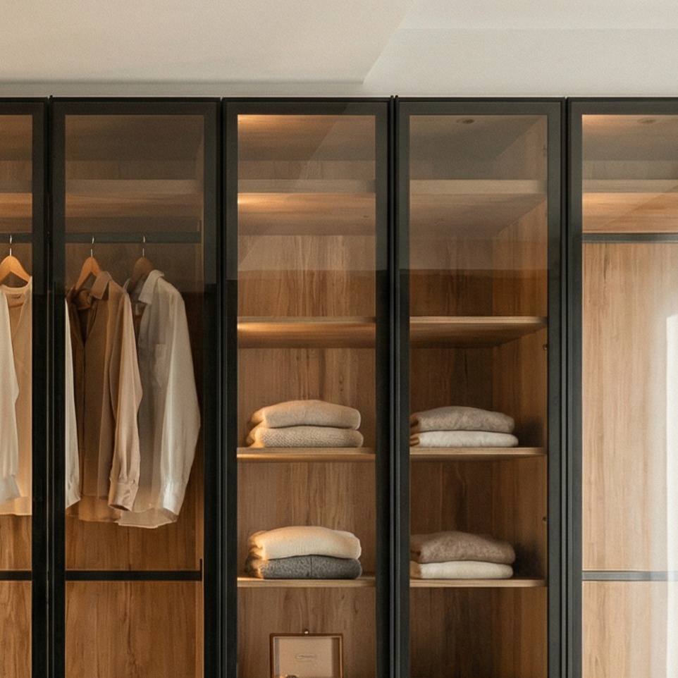 ΠεριγραφήThis high-end dressing room features elegant glass-front doors with slim black frames that transform your wardrobe into a private gallery.
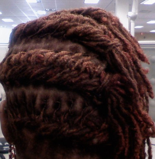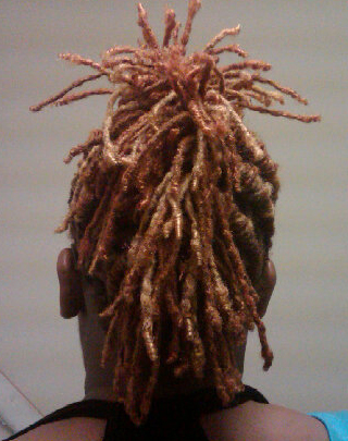 Quanna is rockin’ her red colored dreadlocks with fierceness! She keeps her well manicured and styled dreads in pinned up trendy updo hairstyles. Dreads are very beautiful and a natural hairstyle that really makes a statement: “Naturally designed locked in beauty”!
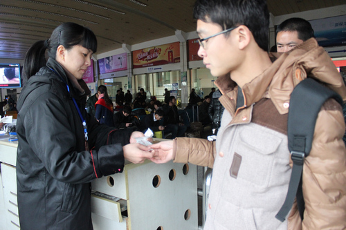 早已歸心似箭的旅客拎著大包小裹立刻在1號(hào)檢票口排起了長龍,趙妍不慌不忙的雙手接過旅客的車票看一眼票,然后刷票、撕下票根,一個(gè)、兩個(gè)、三個(gè)……一會(huì)兒的功夫,趙妍便完成了對(duì)幾十個(gè)旅客的檢票工作?!皬男睦砩蟻碚f,旅客等候檢票的時(shí)候都很著急,所以我們都會(huì)盡量檢得更快些?!壁w妍說,春運(yùn)期間,最多時(shí)一天將近要檢近一千五六百張票,撕票根都撕到手酸。

=-=-=

Please reprint the whole listing exactly and omit its pictures.

 ΠεριγραφήThis high-end dressing room features elegant glass-front doors with slim black frames that transform your wardrobe into a private gallery.
 Quanna is rockin’ her red colored dreadlocks with fierceness! She keeps her well manicured and styled dreads in pinned up trendy updo hairstyles. Dreads are very beautiful and a natural hairstyle that really makes a statement: “Naturally designed locked in beauty”!
 早已歸心似箭的旅客拎著大包小裹立刻在1號(hào)檢票口排起了長龍,趙妍不慌不忙的雙手接過旅客的車票看一眼票,然后刷票、撕下票根,一個(gè)、兩個(gè)、三個(gè)……一會(huì)兒的功夫,趙妍便完成了對(duì)幾十個(gè)旅客的檢票工作?!皬男睦砩蟻碚f,旅客等候檢票的時(shí)候都很著急,所以我們都會(huì)盡量檢得更快些?!壁w妍說,春運(yùn)期間,最多時(shí)一天將近要檢近一千五六百張票,撕票根都撕到手酸。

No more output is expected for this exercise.